JUST BEFORE the new century began, Marc Plattner, co-editor of the influential Journal of Democracy, wrote of the brave new globalized world coming into existence:
A borderless world is unlikely to be a democratic one. For while the idea of "world citizenship" may sound appealing in theory, it is very hard to imagine it working successfully in practice, Indeed, some aspects of globalization, "point to a long range danger to democracy."
While Plattner is uneasy about these developments, other observers, such as Strobe Talbott, largely discount the risks. An entire industry of transnational agencies and non-governmental organizations is pushing forward changes designed either to deny or override the national sovereignty of democratic states against surprisingly muted or inchoate opposition. Taken together, these changes amount to a serious political and intellectual challenge to democratic sovereignty vested in the liberal democratic nation-state.

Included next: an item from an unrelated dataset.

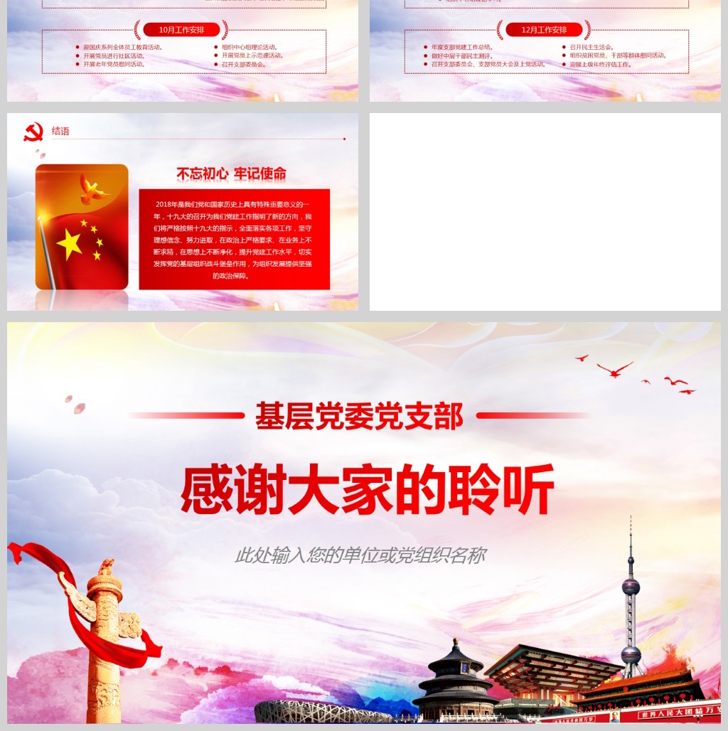 【注意】基层党委党支部2019年度党建工作计划下载其他内容仅为参考,在正式场合使用请先认真校稿,避免造成不必要的麻烦及损失,网页预览图展示部分是作品的实景效果图,此效果图仅供参考,具体作品以下载后的源文件为准,另外作品授权不包含作品中使用到的字体和摄影图,下载作品后请自行替换。

It is a distinctly new challenge. Until now, democrats have faced two major opponents: pre-democrats and anti-democrats. The pre-democrats, adherents of some form of ancien regime (of throne, altar, tribe or clan), have been mostly vanquished over the past several hundred years.
Since 1917 three anti-democratic ideologies have presented an alternative vision to liberal democracy: first Nazism/fascism, then communism, and today militant Islam or Islamism.
The radical Islamist threat is both deadly and serious, and it could last for a considerable period of time. Islamists might gain powerful weapons and thereby cause much death and destruction. Nevertheless, it is in the highest degree unlikely that they will in the end conquer liberal democracy.